Wrongful death law is a branch of tort law that allows a victim's estate to recover when someone is killed. Tort law governs both intentional and negligent behavior which causes damage. It is a form of civil law, which means that individuals bring these suits against each other. It also means penalties are monetary, rather than criminal penalties such as jail time.

In wrongful death law, individuals are able to sue for monetary damages.
In wrongful death law, individuals are able to sue for monetary damages.

Under the law in the United States and many other countries, every person owes a legal duty to every other person not to cause harm. If someone breaches that legal duty, either by behaving very carelessly or by doing something intentional to harm another, then the person who is harmed by the negligence or the intentional bad action has a legal right to be made whole. Tort law dictates what the person has to prove to show that the duty was breached, and what types of damages the injured victim is entitled to recover.

When someone dies as a result of a negligent or intentional wrong, that person obviously cannot sue the individual responsible for his injury. The law, however, dictates that someone should still recover and that the person who caused the injury should still have to pay. Wrongful death law is thus in place to allow the estate of the deceased person to sue.

To bring a wrongful death suit under wrongful death law, the plaintiff must have standing. This means he must be in some way related to the deceased victim and he must have an appropriate connection to the victim so as to represent the estate. Husbands, wives, children, or even parents are allowed to bring a wrongful death suit under wrongful death law. Neighbors and casual acquaintances, for example, are generally are not permitted to bring a wrongful death lawsuit.

The plaintiff bringing the wrongful death suit must generally also prove the other elements of the case that the victim would have had to prove, had he been alive.
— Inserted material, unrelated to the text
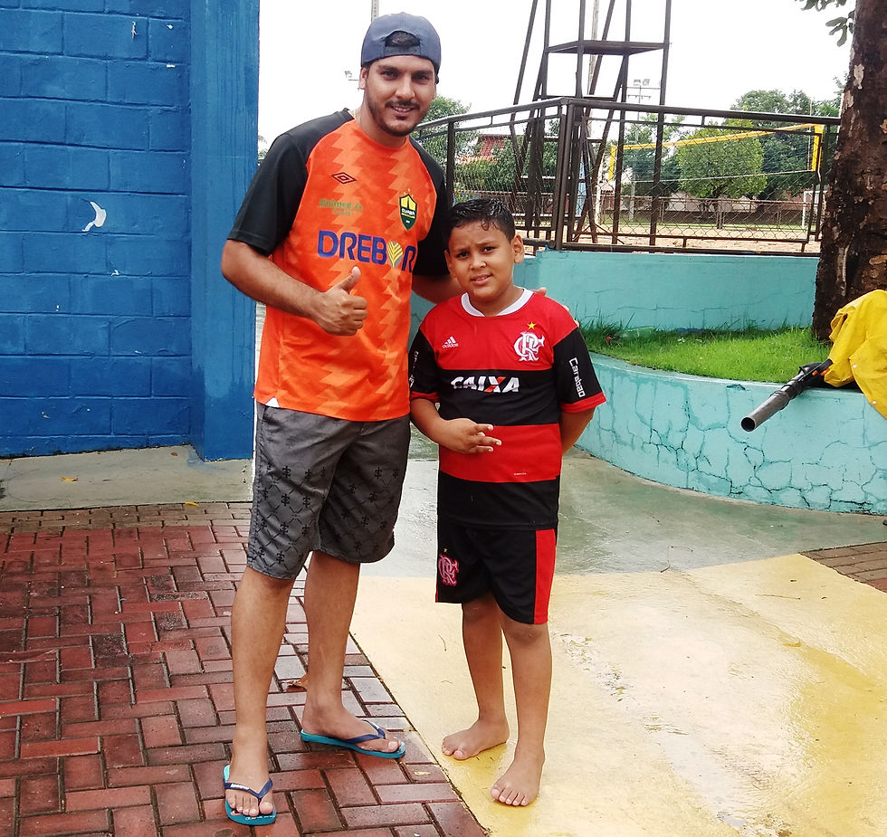 A Escolinha da AABB, que retomou o funcionamento no dia 23 de janeiro, tem muitos alunos que ainda não retornaram e só devem se reapresentar nos próximos dias. Mas um dos alunos presentes na aula da chuvosa manhã do último sábado (27/01) estava com um acompanhante ilustre, que é tio dele, Diego Garcia, ex-aluno da Escolinha de Futebol da AABB, também conhecido como Mão de Onça.

For example, if a person was suing based on negligence, he would have to prove that the defendant actually was negligent, that the negligence was the proximate or direct cause of injury, and that injury and damages actually occurred. Wrongful death law thus dictates that the plaintiff suing on behalf of the deceased victim would have to prove these same elements in order to recover for the death. The law also dictates that the appropriate settlement for wrongful death is based on the person's life expectancy, the amount of money he made, and other related factors such as the closeness of the deceased person with the plaintiff.